The flickering is more to do with the frame rate selected on the camera. Select 30 frames per second and they do, 25 fps and they don’t.
Thanks again Charly for a great video!!
Always trying to help Onno.
Yet another brilliant video, Charlie.
Thanks Nigel
Hi Charlie, thanks for posting such an interesting and informative video.
Glad to have you onboard Greg.
I'm wondering if putting that light, with the resister leads, across the rails will mess up your block detection. Because in a later video you showed how to add a resister (10k I think) to the wheels of a caboose or other rolling stock so the Train Controller software can determine that it's occupying a particular block. It seems that the light and resister would do the same thing and Train Controller would now always assume that the block is occupied.
You’re dead right. I cut the rail and install a separate feed to avoid complications in block detection.
Very informative. Can you provide further details of the jump leads you are using (from your Dynamis) and where to get them. Thanks
Hi DMH,
I’m so pleased that you enjoyed the video.

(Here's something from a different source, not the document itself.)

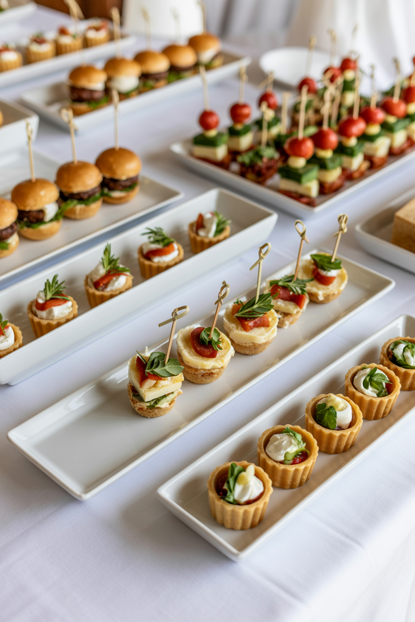 Finger foods are practical, but they can still be beautiful. Mini sliders, skewers, and bite-sized options allow guests to move freely while still enjoying the menu.
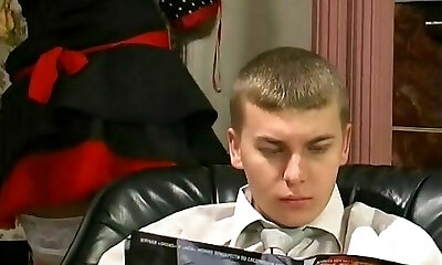 Huge titted maid fucks the virgin boy

The leads were a set of short leads with “Croc clips” at both ends. I bought them from Squires at a Model Railway Show.
Regards Charlie
As always great video. Thanks
Glad to have you onboard Jim.
Charlie, nice video. But if you’re going to cut the lamps down, and wire them to a different source than the rails in that block, why not just fit a SMD LED and wire it directly. Cost is pennies, effect is the same.
Also, please note that LEDs are very directional, so plan your brightness based on viewpoint.
Finally, being able to see the light (off axis) in daylight would need a different level of dimming for a night shot. It may be useful to plan a “Night bus” to power these at night, separate from the “day bus” to make them visible during the day.
Thanks for the detailed explanation.
Tom
Hi Tom,
Some good suggestions.
It’s clearly about time you started your channel too.
I’ll see you at our summer show no doubt.
Regards Charlie
Chadwick Model Railway
Charlie, thanks for the reminder, yes, see you in two weeks.
Yes, I’ve had the “put up or shut up” comment before, and you’re right, I need to start something. I need to escape the ever-growing list of SWMBO, etc.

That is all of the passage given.